# Sterilizing Wood



## raeven (May 12, 2011)

Let's say that I was to be walking around one day, and happened to find a piece of wood that I think would look good in my tank, how would I go about sterilizing it. Assuming it was too big for a pot, naturally.

The idea of bleach came to mind, but that seems rather harsh and full of chemicals, so I'm not sure if that's the best idea. ...Or is it?


----------



## Diztrbd1 (Apr 21, 2010)

I don't personally think bleach is the way to go. Depending on where you find it. I have just soaked it in boiling water for a couple days to a week and added them to my tanks without any ill effects. If I found it in a river or lake I soaked it longer since the odds are far better of getting unwanted thingies introduced to your tank, than a piece that has been on land.

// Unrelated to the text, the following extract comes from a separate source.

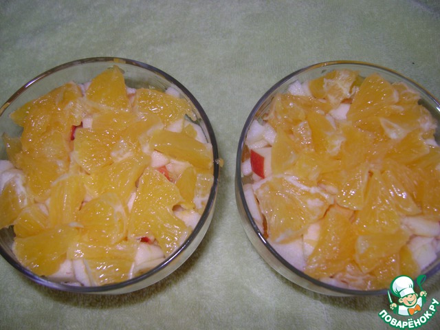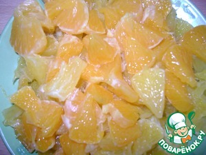 Апельсин и мандарин очищаем, нарезаем кусочками.
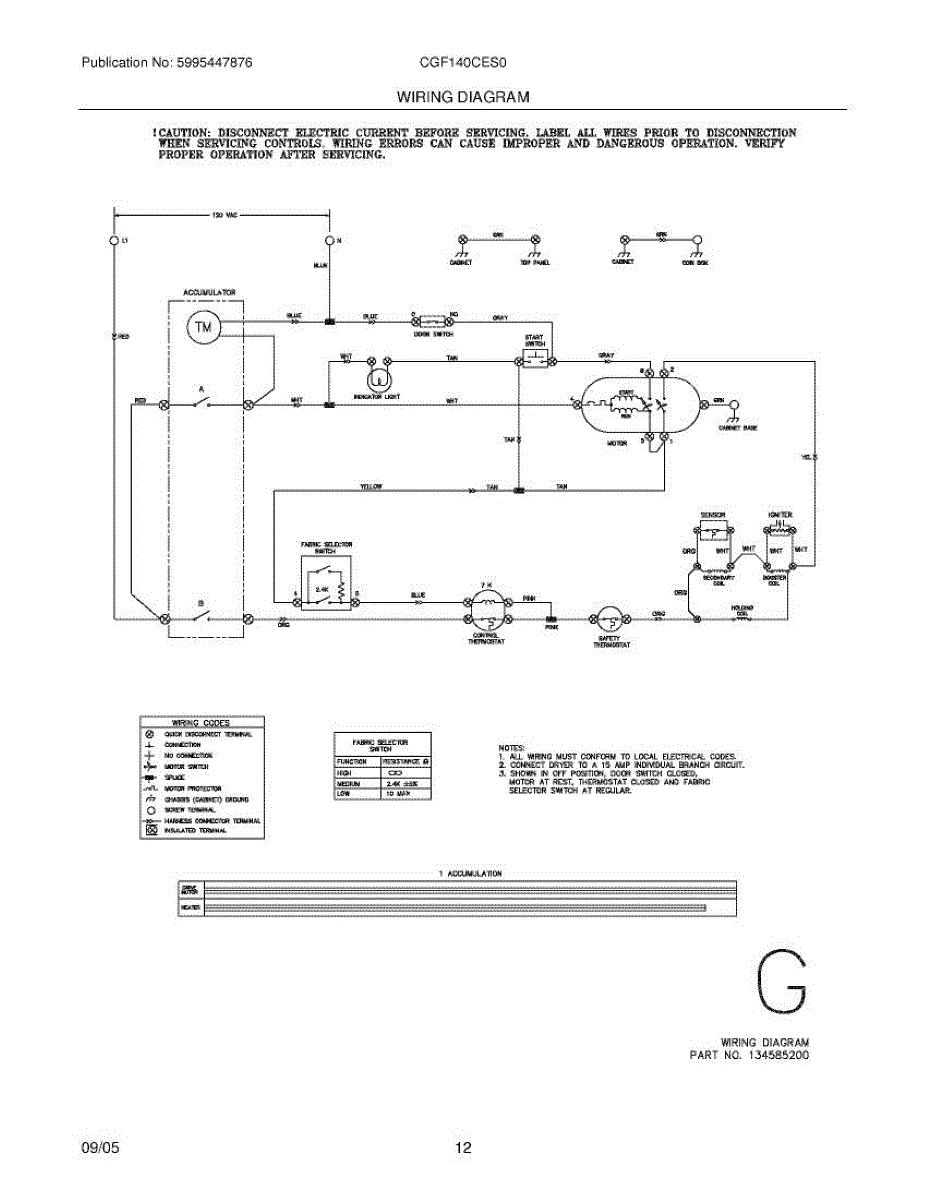 Parts for Frigidaire CGF140CES0: 12 - Wiring Diagram Parts

Just my experience


----------



## Scherb (Feb 10, 2011)

Hello. first you must know what kind of wood it is. you want a hardwood. and pine is a big no no. it will smell like pine-sol and will poison your tank. that being said if you found a good piece of wood boil it. bleach can soak into the wood and stay there until it slowly leaches out. if it's too big for you pot get a bigger one. i got a used bathtub i throw over a fire pit. then boil it for 6 hrs or more. Cheers


----------



## Diztrbd1 (Apr 21, 2010)

agreed , pine is definitely is a big no-no.


----------



## Flygirl (Jul 23, 2011)

Hmmmm... Not sure why pine is a big no-no... I've used pine for a number of years with no problems. Just made sure it was dead and dry before putting it in my tank. Some of the pieces were too big to fit in a pot, those were scrubbed and soaked. Fish never seemed to mind it. The worst thing about it, is that it's a softer wood than some of the hard wood, so after a couple of years the smaller branches tend to get soft. I just break/pull those off. Otherwise it's been good.

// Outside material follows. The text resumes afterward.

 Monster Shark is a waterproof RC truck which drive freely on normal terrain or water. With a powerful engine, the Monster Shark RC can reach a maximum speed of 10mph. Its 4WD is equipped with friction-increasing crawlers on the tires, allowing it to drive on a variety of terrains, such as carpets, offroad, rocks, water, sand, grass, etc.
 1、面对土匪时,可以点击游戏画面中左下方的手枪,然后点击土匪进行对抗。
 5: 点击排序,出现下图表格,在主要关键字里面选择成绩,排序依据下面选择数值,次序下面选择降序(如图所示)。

The pic below is an awesome pine root in my planted 210.


----------



## Scherb (Feb 10, 2011)

Hello. flygirl are you sure that is pine ? i always herd it was bad, and it makes sense, because of the pine oils in the tree.


----------



## Scherb (Feb 10, 2011)

i agree with flygirl about the soft wood, it is ok to use but deteriorates quicker then hard wood. Cheers


----------



## Flygirl (Jul 23, 2011)

Scherb said:


> Hello. flygirl are you sure that is pine ? i always herd it was bad, and it makes sense, because of the pine oils in the tree.

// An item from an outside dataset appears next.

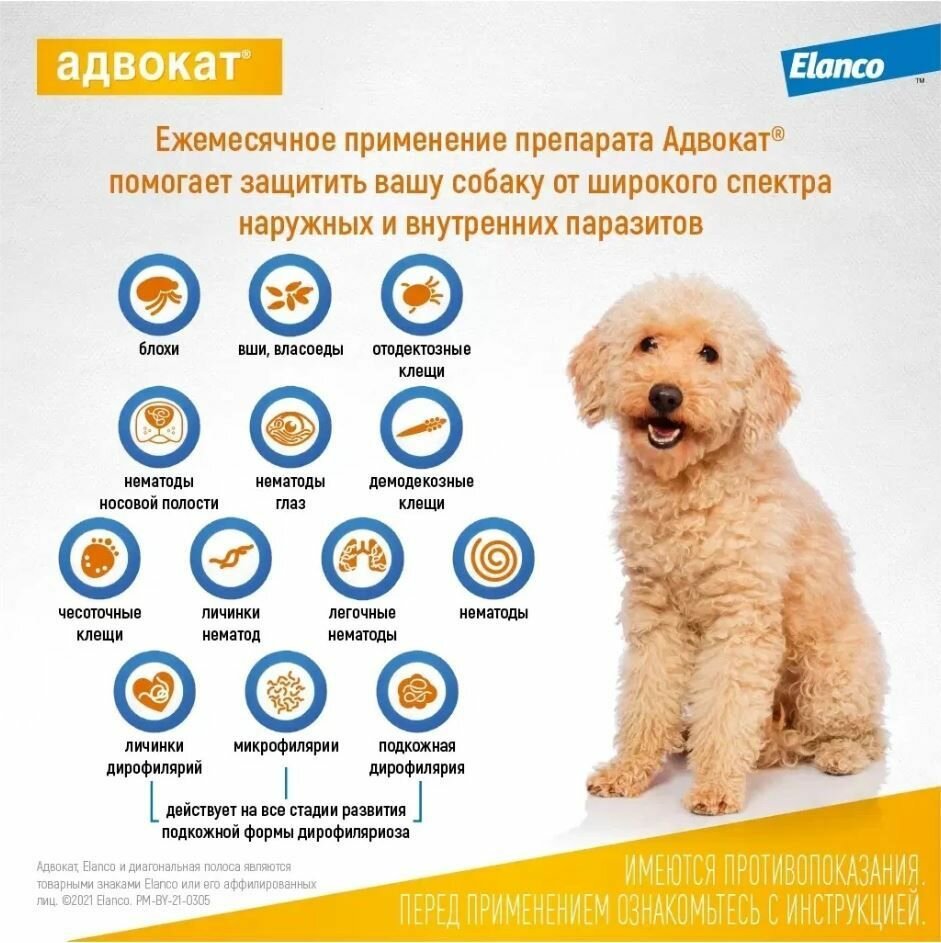 Капли на холку Адвокат® - комплексный препарат немецкого производителя Bayer, помогающий вам защитить собаку от широкого спектра внешних и внутренних паразитов.

Hey Scherb, yup, that be pine... bit of a story behind that piece, but that another tale 

I could see people having issues if the branches/roots were still fresh (or not dried enough). All the ones I have used, were either water logged from who knows how long, or dried and aged to the point they were almost white. They did take a while before they became water logged. And as mentioned before, they're not as dense as the hardwoods so they go soft sooner. All but one of my 6 pieces in the current tank are pine. I have anubias, java & windelov fern and moss growing on all. Both plants and fish doing well.

The only thing I am have mixed information on is cedar... always thought it was poisonous and have stayed away from it, even though I've found some incredible looking roots. Then just a couple of months ago while looking through some forums (it was either planted tank or the barr report) saw a post on wood that is safe for the aquarium by Tom Barr and one of the species of wood he was suggesting for someone on the west coast was western yellow cedar. Hmmm... if that is the case, it will make things a lot easier when looking for suitable pieces. Wish that could be confirmed (or denied).


----------



## Scherb (Feb 10, 2011)

Huh. good to know, Thanks. Cheers


----------



## gklaw (May 31, 2010)

Scherb said:


> i got a used bathtub i throw over a fire pit. then boil it for 6 hrs or more. Cheers


Now that is some determination :lol: The fire department would like to see that in my front lawn


----------



## Scherb (Feb 10, 2011)

gklaw said:


> Now that is some determination :lol: The fire department would like to see that in my front lawn


lol. ya make sure you make a video of that. ok not every body has the bath tub option. Cheers


----------



## Flygirl (Jul 23, 2011)

Scherb said:


> I got a used bathtub i throw over a fire pit. then boil it for 6 hrs or more. Cheers





gklaw said:


> Now that is some determination :lol: The fire department would like to see that in my front lawn


I see a club event coming up... "The annual wood boiling extravaganza" @ Scherbs... bring your wood - one for your arse, one for the tub and one to add to the fire


----------



## Scherb (Feb 10, 2011)

Flygirl said:


> I see a club event coming up... "The annual wood boiling extravaganza" @ Scherbs... bring your wood - one for your arse, one for the tub and one to add to the fire


lol. it's on. Cheers


----------



## The Guy (Nov 26, 2010)

I picked up a used canner for boiling large wood, works great. Where do you store a used bathtub?


----------



## gklaw (May 31, 2010)

The Guy said:


> I picked up a used canner for boiling large wood, works great. Where do you store a used bathtub?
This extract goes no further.